▶ **ENTRIES SHOWN**:
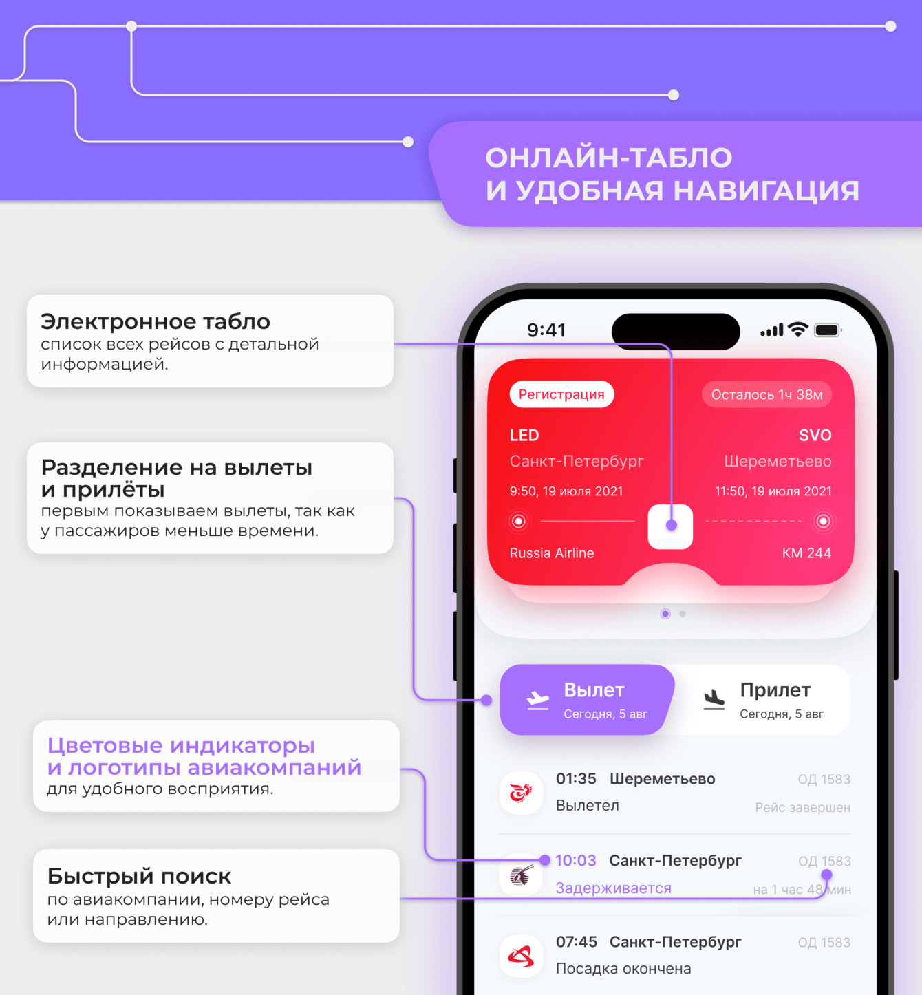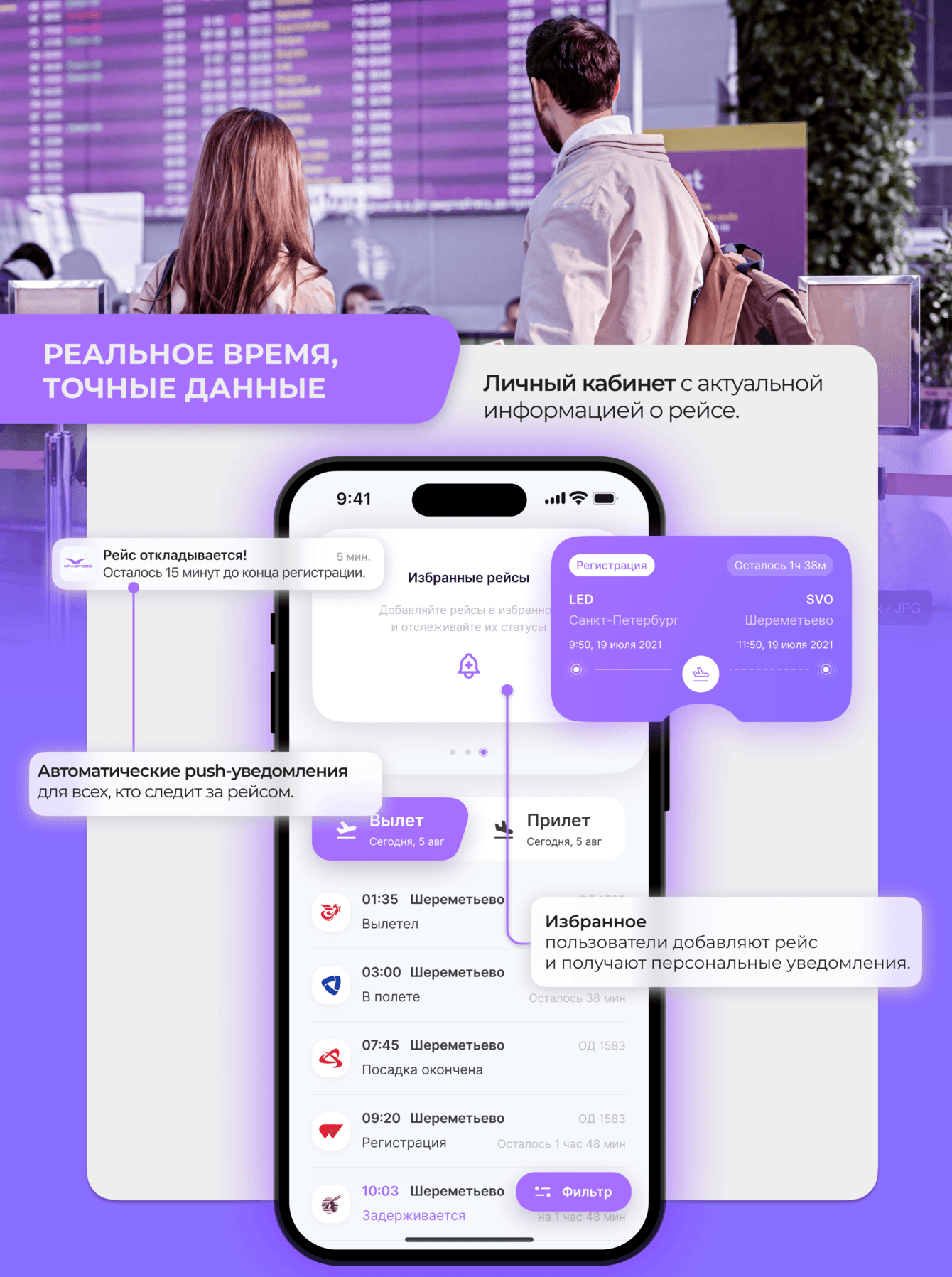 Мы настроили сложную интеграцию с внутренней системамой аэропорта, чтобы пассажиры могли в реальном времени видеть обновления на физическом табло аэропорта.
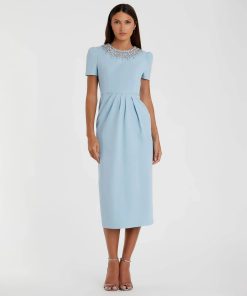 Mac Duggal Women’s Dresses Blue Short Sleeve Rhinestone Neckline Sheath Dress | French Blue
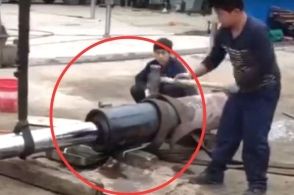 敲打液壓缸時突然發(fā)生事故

==

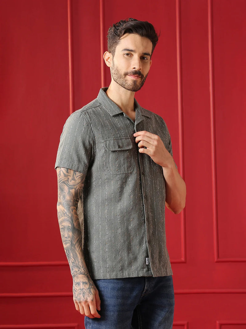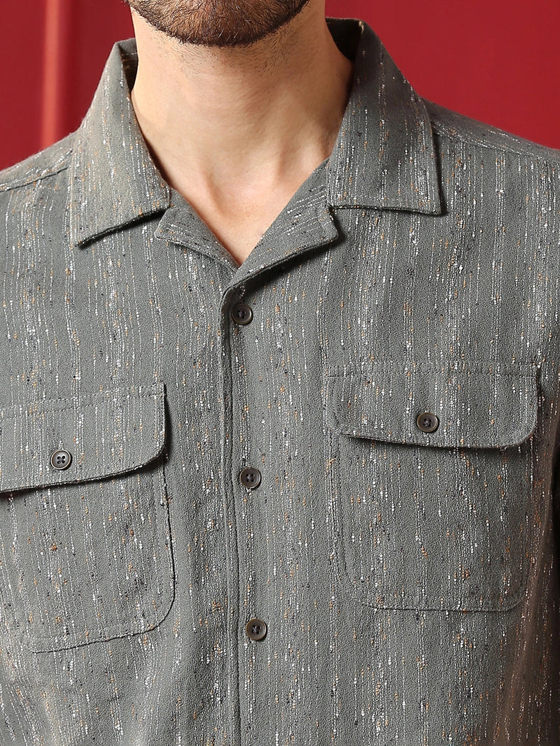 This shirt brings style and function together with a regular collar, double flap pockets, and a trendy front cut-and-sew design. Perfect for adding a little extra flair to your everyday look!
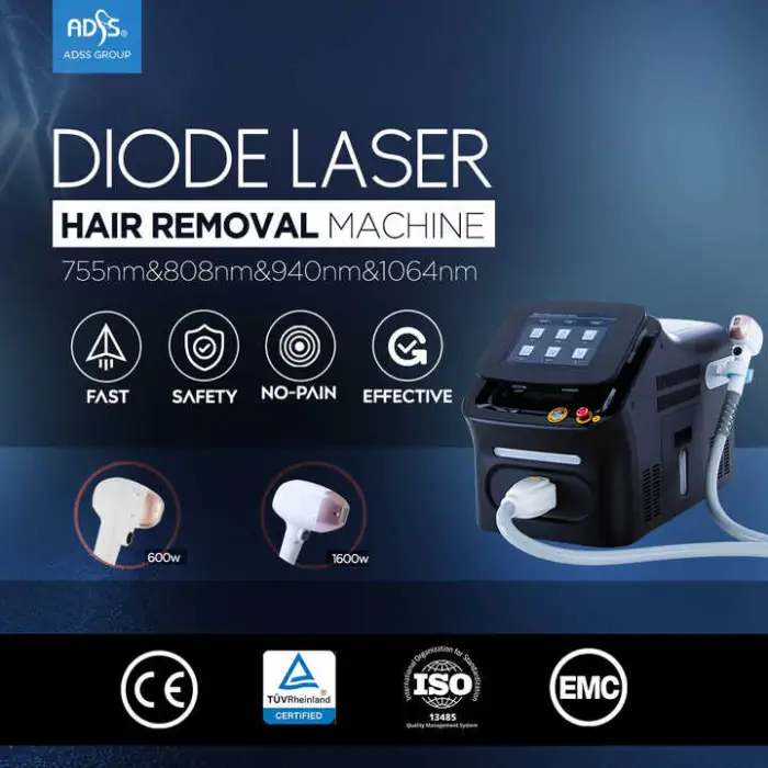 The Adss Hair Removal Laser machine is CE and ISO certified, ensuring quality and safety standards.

---

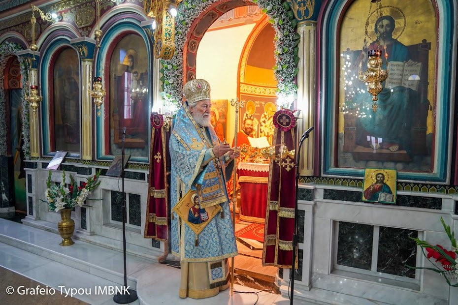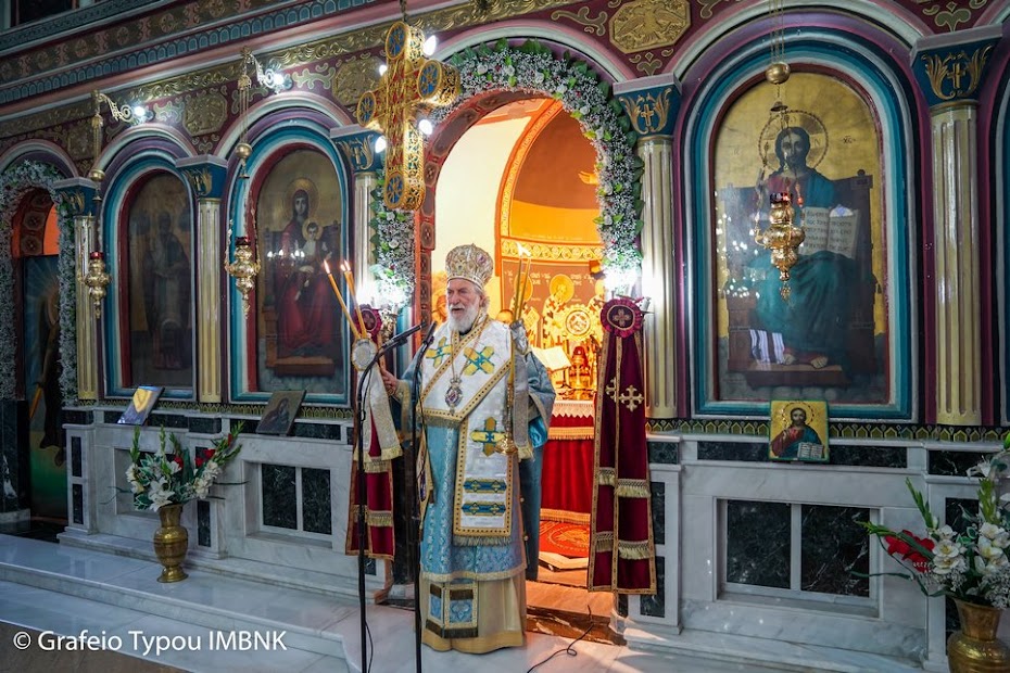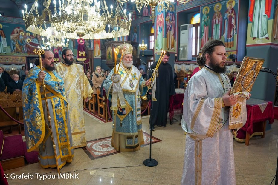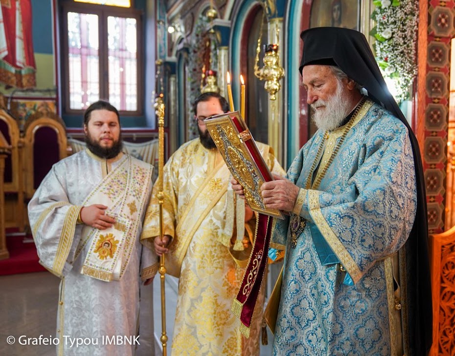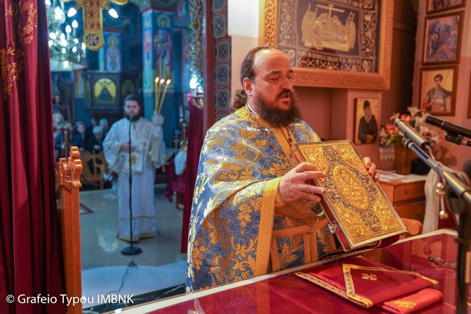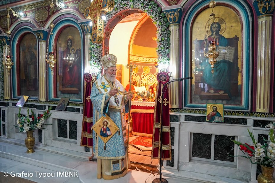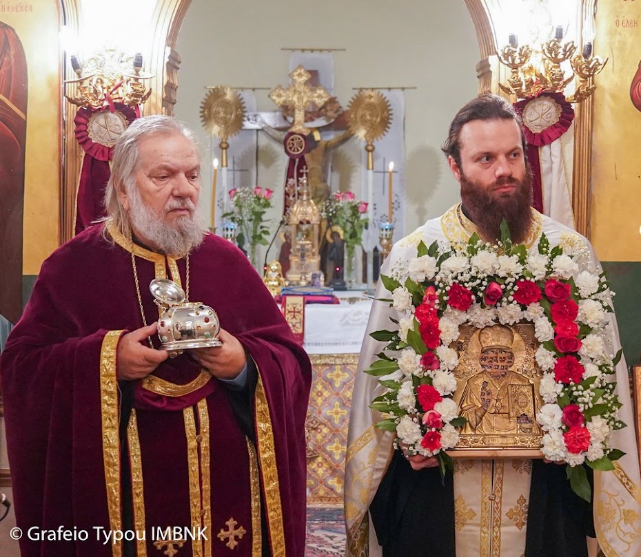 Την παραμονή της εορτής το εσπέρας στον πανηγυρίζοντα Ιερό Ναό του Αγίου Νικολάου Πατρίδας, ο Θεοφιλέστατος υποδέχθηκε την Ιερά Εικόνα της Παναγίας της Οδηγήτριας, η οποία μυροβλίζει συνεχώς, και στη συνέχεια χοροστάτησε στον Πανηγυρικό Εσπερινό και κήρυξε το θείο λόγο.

▶ **WHAT TO PRODUCE**: Print, exactly, each line above from the one with "Мы настроили сложную" to the one with "敲打液壓缸時突然發(fā)生事故", end lines included. Leave pictures out of it.

▶ **WRITTEN REPLY**:
 Мы настроили сложную интеграцию с внутренней системамой аэропорта, чтобы пассажиры могли в реальном времени видеть обновления на физическом табло аэропорта.
 Mac Duggal Women’s Dresses Blue Short Sleeve Rhinestone Neckline Sheath Dress | French Blue
 敲打液壓缸時突然發(fā)生事故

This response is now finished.